Introduction

In this article series, we will look into the most famous ways that can be used to attack Active Directory and achieve persistence.

Note: Attacks discussed in this series have already been publicly disclosed on different forums. This series is for educational purposes only.

Assumption

We will assume that the target domain is already breached and that the attacker is now trying to pivot from the breached machine/host to gain higher privileges.

LAB setup

Domain controller: kidulala-dc.kidulala.local

Domain user: KIDULALA/lala

Domain admin: KIDULALA/chotu

Kerberos authentication

To understand unconstrained delegation, it is very important for us to understand how Kerberos authentication works.

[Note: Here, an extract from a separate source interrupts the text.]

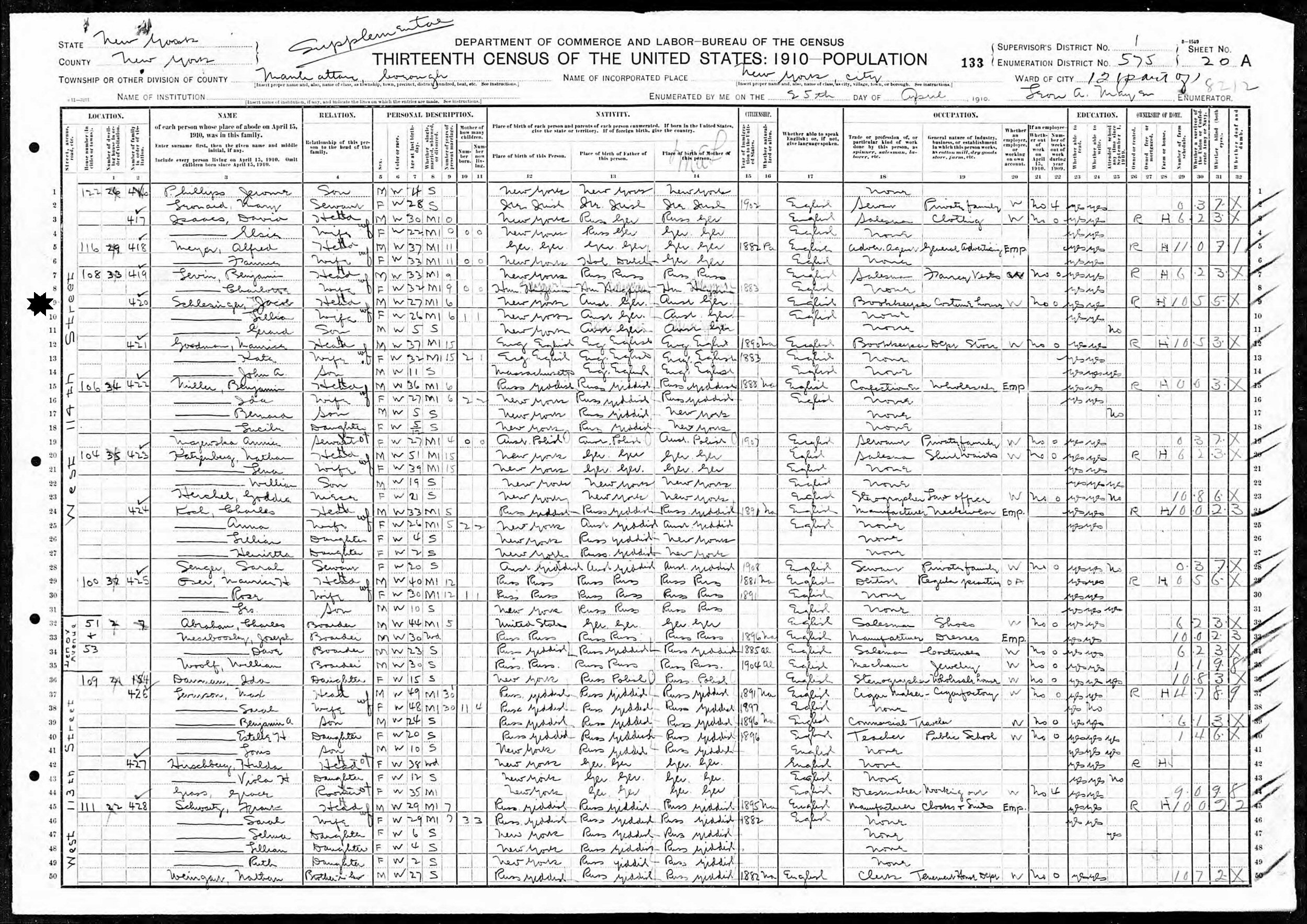 April 25, 1910 - 108 W 114th Street, Supervisor's District 1, Enumeration District 575, Assembly District 12, Manhattan, New York.

Step 1: A user’s password is converted to an NTLM hash, and the timestamp is encrypted with this hash and sent to KDC. This step is often called AS-REQ (authentication server — request). Basically, the user is proving its identity to the ticket-granting server.

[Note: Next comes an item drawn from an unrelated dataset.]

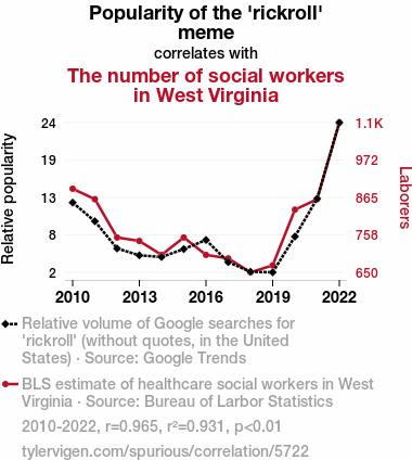 "Never Gonna Give You Up, Never Gonna Let You Down: An Unlikely Link Between the 'Rickroll' Meme and the Number of Social Workers in West Virginia"

Step 2: Since the KDC has the NTLM hash of all users, it was able to decrypt the message retrieved in Step 1. After this, KDC grants a TGT (ticket-granting ticket) back to the user. This ticket is encrypted with a special user on the Domain Controller, known as krbtgt. This means that when the user receives the ticket, he cannot decrypt it, since the krbtgt hash is only on DC. This step is often called AS-REP (authentication server — response).

Step 3: In this step, the user asks for TGS (ticket-granting service); a ticket to access the actual service user is interested in. In this step, the user sends the TGT back to the KDC along with the requested TGS. This step is often called TGS-REQ (TGS request).

Step 4: In this step, KDC sends back the requested TGS, which is encrypted with the NTLM hash of the service. This step is often called TGS-REP.

Step 5: Once the user receives the TGS for the requested service, the user presents the TGS to the service. The service will evaluate whether the user is authorized or not and grant access if possible. This step is often called AP-REQ (application server request).

Delegation

With the help of delegation, user credentials can be impersonated by a service in order to access a service on the next hop.

For example, consider a three-tier application where a user accesses a web server and a web server in turn needs to impersonate the user credentials to access the back-end database. There are two types of delegation:

  • Unconstrained delegation: The first hop server (let’s say the web server) can impersonate user credentials to any service in the domain. Where does it all fit in the Kerberos cycle? In step 4 mentioned above, when DC sees that the first hop service has unconstrained delegation enabled on it, along with TGS, it also sends the user’s TGT embedded, which the service will use (in step 5). This is in order to impersonate the user while making requests to other services in the domain: once the first hop service receives the TGS, it decrypts it and extract the TGT and request a TGS from the DC for the next hop service as user.
  • Constrained delegation: The first hop server can only impersonate the user credentials to the specified service accounts. We will discuss more on this in greater depth in the next article.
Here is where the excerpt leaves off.